TASK TO CARRY OUT:
An unchanged copy of all the lines below is expected, and it should contain no pictures.

----- DATA SEGMENT

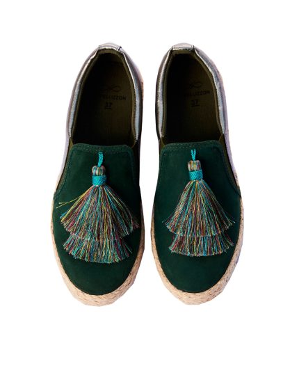 Loafer em camurça petróleo com bordados em linha inspirado nos campos de girassóis da Toscana, que deram origem a este bordado cool e exclusivo, um pé completa o desenho do outro. Solado em couro e salto rasteiro em fachetes de couro.
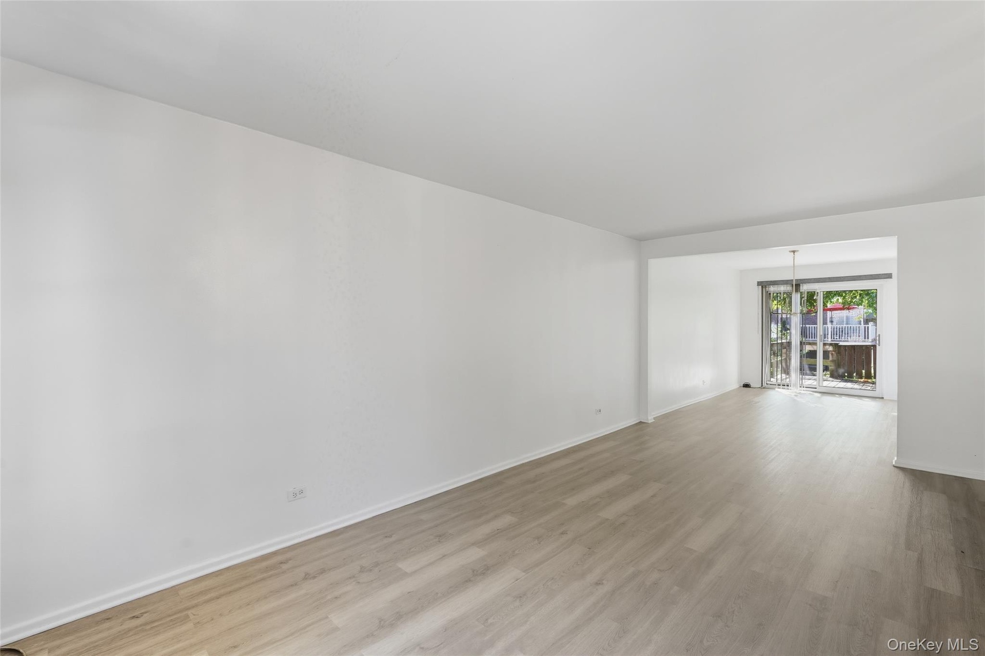 - Unfurnished room featuring radiator heating unit and light wood-style floors
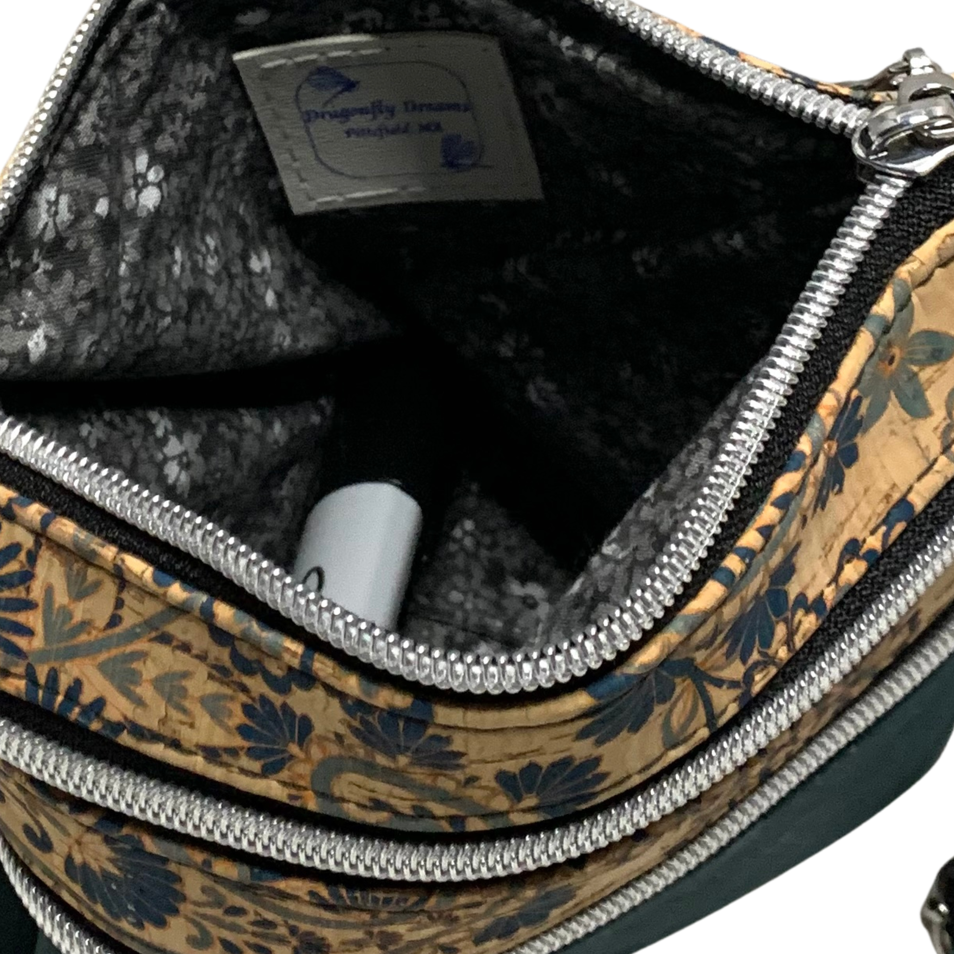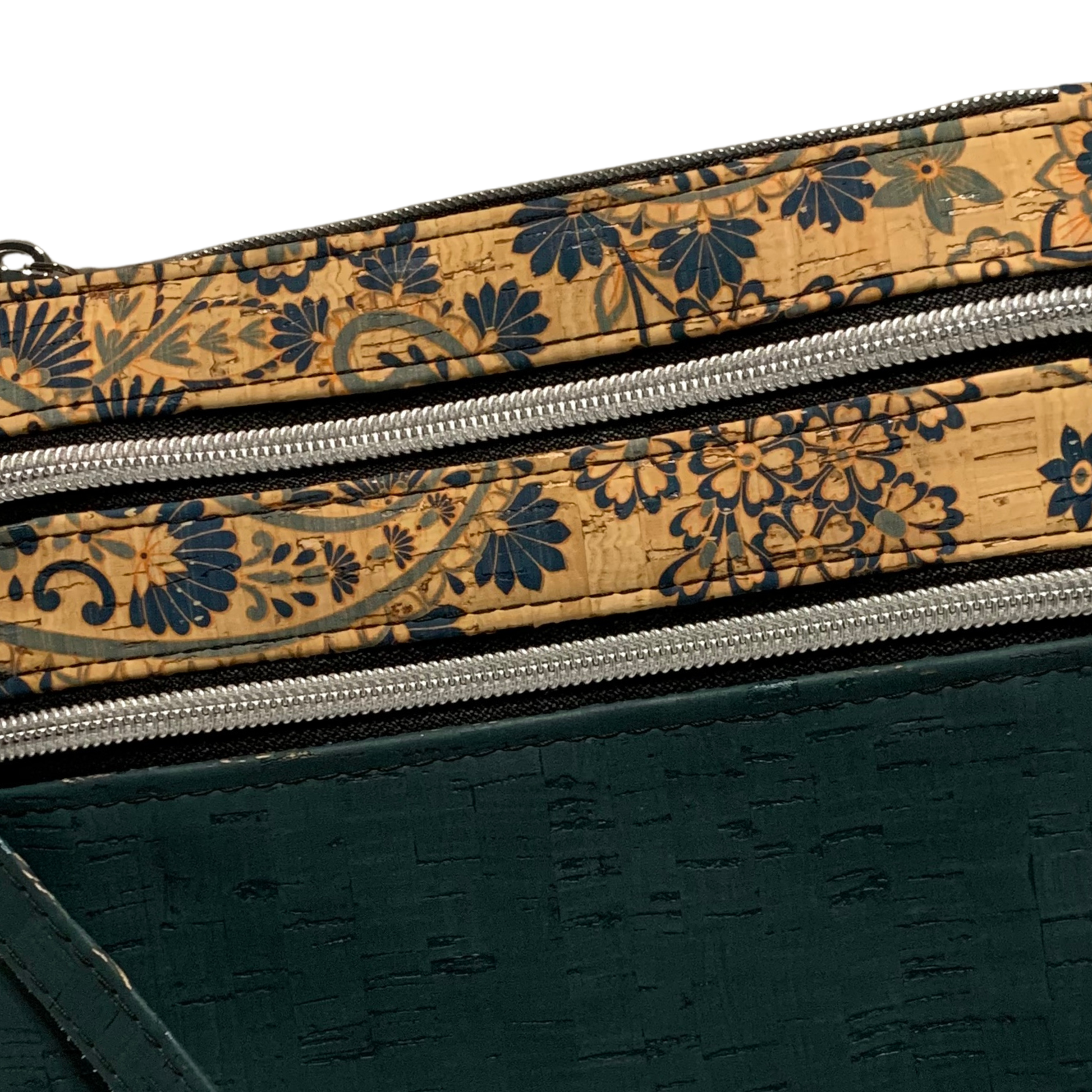 Crafted from premium cork fabric in a sophisticated jasper tone, this crossbody bag features a sweet paisley print that seems to emit happiness paired with a calming, solid, rustic jasper green. The structured silhouette is perfect for everyday essentials, while the secure zippered closures ensure your belongings stay protected. Adjustable crossbody strap allows for personalized carry comfort, making it an ideal companion for work, travel, or weekend outings. Vegan leather alternative construction aligns with conscious style choices without compromising on durability or refined aesthetics.
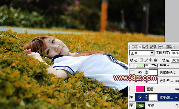 1、打开素材图片,创建可选颜色调整图层,对黄、绿、中性色进行调整,参数设置如图1 - 3,效果如图4。这一步把背景的主色转为橙红色。

----------

RESPONSE FOR THIS EXERCISE:
 Loafer em camurça petróleo com bordados em linha inspirado nos campos de girassóis da Toscana, que deram origem a este bordado cool e exclusivo, um pé completa o desenho do outro. Solado em couro e salto rasteiro em fachetes de couro.
 - Unfurnished room featuring radiator heating unit and light wood-style floors
 Crafted from premium cork fabric in a sophisticated jasper tone, this crossbody bag features a sweet paisley print that seems to emit happiness paired with a calming, solid, rustic jasper green. The structured silhouette is perfect for everyday essentials, while the secure zippered closures ensure your belongings stay protected. Adjustable crossbody strap allows for personalized carry comfort, making it an ideal companion for work, travel, or weekend outings. Vegan leather alternative construction aligns with conscious style choices without compromising on durability or refined aesthetics.
 1、打开素材图片,创建可选颜色调整图层,对黄、绿、中性色进行调整,参数设置如图1 - 3,效果如图4。这一步把背景的主色转为橙红色。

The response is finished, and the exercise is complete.